**TASK GOAL**:
Only the lines below, from the one with "華やかな友禅紙 桜と毬 麻の葉紋様" through the one with "on the images.", are to be written out, exactly.

**RECORDS PROVIDED**:
☆ ☆ ☆ ☆ ☆
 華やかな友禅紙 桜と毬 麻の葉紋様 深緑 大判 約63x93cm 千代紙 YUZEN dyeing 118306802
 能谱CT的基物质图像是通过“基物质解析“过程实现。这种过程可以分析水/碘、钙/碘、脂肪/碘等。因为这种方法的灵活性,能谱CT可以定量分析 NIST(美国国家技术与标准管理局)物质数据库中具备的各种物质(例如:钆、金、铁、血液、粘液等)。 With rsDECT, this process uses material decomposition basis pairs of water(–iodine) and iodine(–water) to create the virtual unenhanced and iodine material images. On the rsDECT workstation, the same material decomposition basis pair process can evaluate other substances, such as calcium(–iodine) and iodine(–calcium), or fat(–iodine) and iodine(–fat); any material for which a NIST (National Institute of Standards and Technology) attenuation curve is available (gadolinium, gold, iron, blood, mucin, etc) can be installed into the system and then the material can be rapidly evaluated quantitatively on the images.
☆ ☆ ☆ ☆ ☆
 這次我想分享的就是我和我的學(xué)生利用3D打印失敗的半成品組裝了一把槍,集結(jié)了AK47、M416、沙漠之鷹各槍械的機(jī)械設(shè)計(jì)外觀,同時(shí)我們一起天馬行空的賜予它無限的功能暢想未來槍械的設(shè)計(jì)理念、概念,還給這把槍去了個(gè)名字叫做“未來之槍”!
☆ ☆ ☆ ☆ ☆
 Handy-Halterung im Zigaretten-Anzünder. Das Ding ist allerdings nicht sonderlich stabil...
☆ ☆ ☆ ☆ ☆
**RESULT OF THIS TASK**:
 華やかな友禅紙 桜と毬 麻の葉紋様 深緑 大判 約63x93cm 千代紙 YUZEN dyeing 118306802
 能谱CT的基物质图像是通过“基物质解析“过程实现。这种过程可以分析水/碘、钙/碘、脂肪/碘等。因为这种方法的灵活性,能谱CT可以定量分析 NIST(美国国家技术与标准管理局)物质数据库中具备的各种物质(例如:钆、金、铁、血液、粘液等)。 With rsDECT, this process uses material decomposition basis pairs of water(–iodine) and iodine(–water) to create the virtual unenhanced and iodine material images. On the rsDECT workstation, the same material decomposition basis pair process can evaluate other substances, such as calcium(–iodine) and iodine(–calcium), or fat(–iodine) and iodine(–fat); any material for which a NIST (National Institute of Standards and Technology) attenuation curve is available (gadolinium, gold, iron, blood, mucin, etc) can be installed into the system and then the material can be rapidly evaluated quantitatively on the images.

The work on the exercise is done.